What the task requires — For each record that follows, restate the text exactly and drop the pictures.

Records supplied —
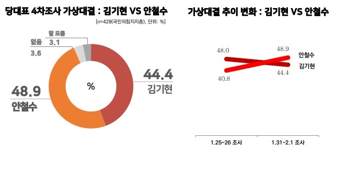 리얼미터가 미디어트리뷴 의뢰로 지난달 31일~2월1일 전국 남녀 1005명에게 실시해 2일 공개한 여론조사에 따르면, 국민의힘 지지층 428명 중 48.9%가 결선투표 양자대결에서 안 의원을 지지한 반면 44.4%가 김 의원을 지지했다. 양자간 격차는 오차범위(±4.8%포인트) 내인 4.5%포인트로 나타났다.
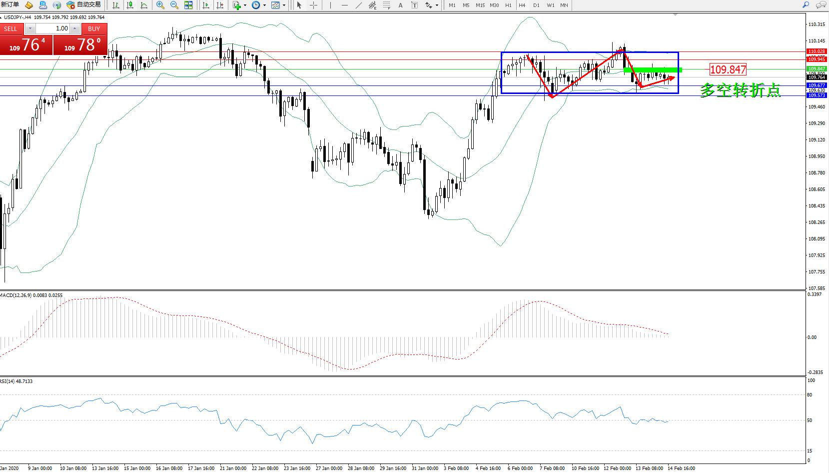 交易策略:109.847下方看跌,目标109.677109.573
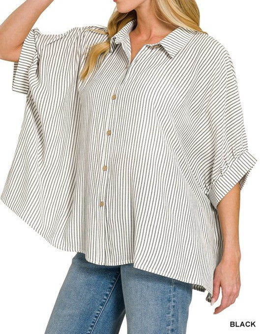 WOVEN STRIPE BUTTON DOWN BOXY TOP - CURVED HEM - FRONT BUTTON CLOSURE - OVERSIZED FIT TOTAL BODY LENGTH: 25.5", BUST: 67" approx. - MEASURED FROM S/M * COLOR MAY VARY SLIGHTLY DUE TO MONITOR RESOLUTION
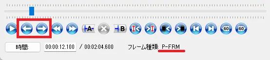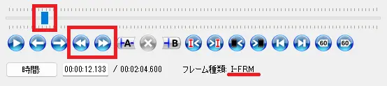 シークバーのハンドルをドラッグした場合と「前のキーフレームに移動」ボタンや「次のキーフレームに移動」ボタンをクリックした場合、「フレーム種類:」は常に「I-FRM」になっています。
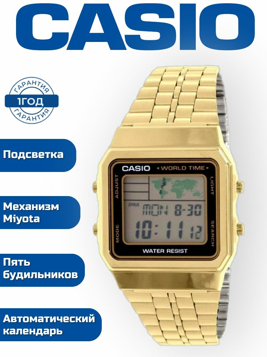 Наручные часы CASIO A-500WGA-9E мужские, кварцевые, будильник, секундомер, таймер обратного отсчета, водонепроницаемые, подсветка дисплея, золотой

Result below —
 리얼미터가 미디어트리뷴 의뢰로 지난달 31일~2월1일 전국 남녀 1005명에게 실시해 2일 공개한 여론조사에 따르면, 국민의힘 지지층 428명 중 48.9%가 결선투표 양자대결에서 안 의원을 지지한 반면 44.4%가 김 의원을 지지했다. 양자간 격차는 오차범위(±4.8%포인트) 내인 4.5%포인트로 나타났다.
 交易策略:109.847下方看跌,目标109.677109.573
 WOVEN STRIPE BUTTON DOWN BOXY TOP - CURVED HEM - FRONT BUTTON CLOSURE - OVERSIZED FIT TOTAL BODY LENGTH: 25.5", BUST: 67" approx. - MEASURED FROM S/M * COLOR MAY VARY SLIGHTLY DUE TO MONITOR RESOLUTION
 シークバーのハンドルをドラッグした場合と「前のキーフレームに移動」ボタンや「次のキーフレームに移動」ボタンをクリックした場合、「フレーム種類:」は常に「I-FRM」になっています。
 Наручные часы CASIO A-500WGA-9E мужские, кварцевые, будильник, секундомер, таймер обратного отсчета, водонепроницаемые, подсветка дисплея, золотой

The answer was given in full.